Histoire de Lyon : D’où vient le nom de la rue de la Bombarde ?

Rédigé par Léo Mourgeon
Le bas-relief situé au numéro 10 est inspiré du nom de la rue, et non l'inverse (crédit : Wikimedia).

Entre le palais de Justice et les pavés du Vieux Lyon, une rue discrète concentre plusieurs siècles d’histoire lyonnaise et une énigme toujours non résolue.

La genèse

  • La rue de la Bombarde relie le quai Romain-Rolland à la rue Tramassac, au pied de la montée du Chemin-Neuf, dans le 5ᵉ arrondissement. Son tracé n’a rien d’anodin : pendant tout le Moyen Âge, et jusqu’en 1562, elle marque la limite nord du cloître Saint-Jean.
  • Elle longe alors le rempart canonial et mène à une porte stratégique, la porte Froc, point d’entrée solennel vers l’archevêché. Cette fonction explique l’ancienneté exceptionnelle de la voie : elle est attestée dès la fin du XIVᵉ siècle et figure sur le plan scénographique de Lyon de 1550. Peu de rues lyonnaises peuvent revendiquer une telle continuité urbaine, dans un secteur qui concentrait pouvoirs religieux, judiciaire et cérémoniel.

Les pistes

  • Avant de s’appeler rue de la Bombarde, la voie est connue sous plusieurs noms d’usage : rue de la Porte Frot, Porte Froc ou Porte Frau. Ces appellations renvoient à la porta fratrum, la porte des frères chanoines de Saint-Jean.
  • Le nom actuel apparaît très tôt, mais son origine reste incertaine. Dès 1509, un ouvrage imprimé à Lyon mentionne un « gymnasiolo Bombardano », probablement une école aujourd’hui disparue. La bombarde est à la fois un ancien canon et un instrument de musique, deux interprétations possibles.
  • Une hypothèse évoque une batterie d’artillerie lors des guerres de Religion, mais l’événement est trop tardif pour expliquer la dénomination.
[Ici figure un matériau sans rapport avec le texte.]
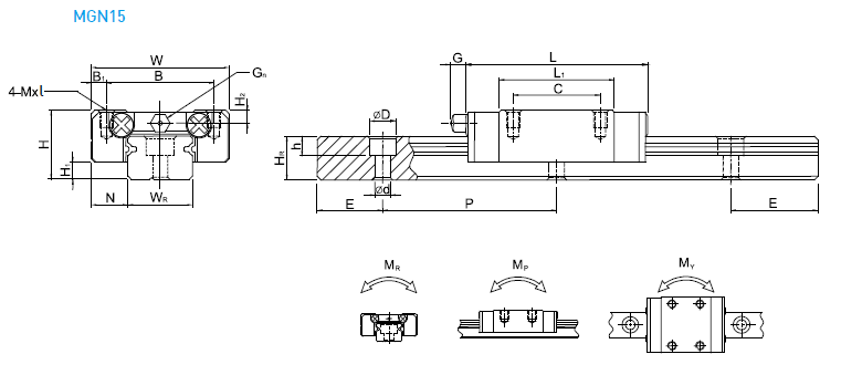 上銀滑塊MGN15H其它參數(shù)如下: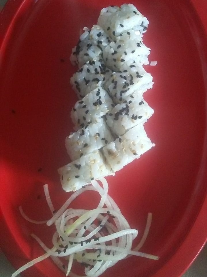 Salmón, pepino, queso crema por dentro, y ajonjolí por fuera.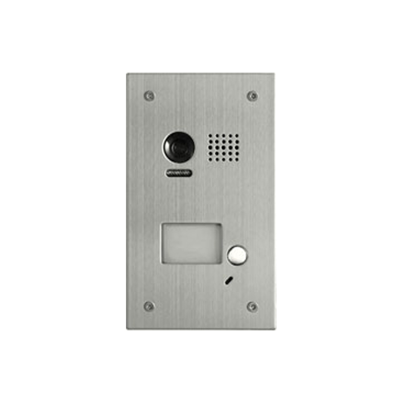 Zunanja pozivna enota s širokokotno barvno kamero s Fisheye – 170°, 650TVL in 1 pozivno tipko. Izvedba iz nerjavečega jekla. Odpornost po standardu IP54 . Namenjena podometni vgradnji (doza v kompletu).
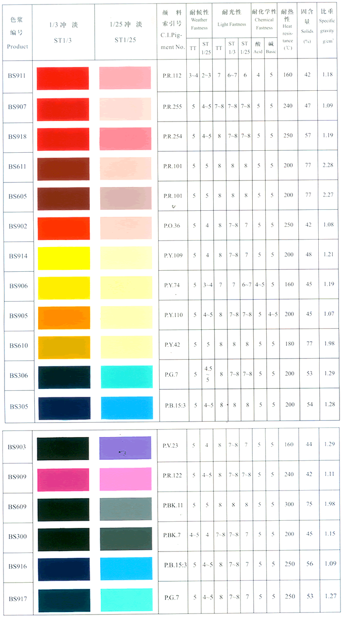 3、本公司的BS911和BS906由于其結(jié)構(gòu)較簡(jiǎn)單,在做淺色的情況下耐候性較差(具有價(jià)格優(yōu)勢(shì)),所以此二產(chǎn)品只適用于做深色外墻,建議用量3%以上,淺色宜用我公司其它牌號(hào)的色漿調(diào)制。

Un mystère odonymique que même Gadagne peine à trancher.
  • Une auberge installée au n° 10 adopte cette enseigne au XVIIIᵉ siècle : le bas-relief représentant un mortier enflammé, daté de 1772, s’inspire donc du nom de la rue et non l’inverse.

Pour l’anecdote

  • En plus d’inspirer une enseigne pittoresque, la Bombarde a nourri l’imaginaire. Au XVIIᵉ siècle, le savant lyonnais Balthasar de Monconys cite la rue dans un poème, la situant « devant Saint-Jean, près du Palais ».
  • Preuve que cette petite rue, bien avant d’intriguer les historiens, était déjà un repère familier pour les Lyonnais.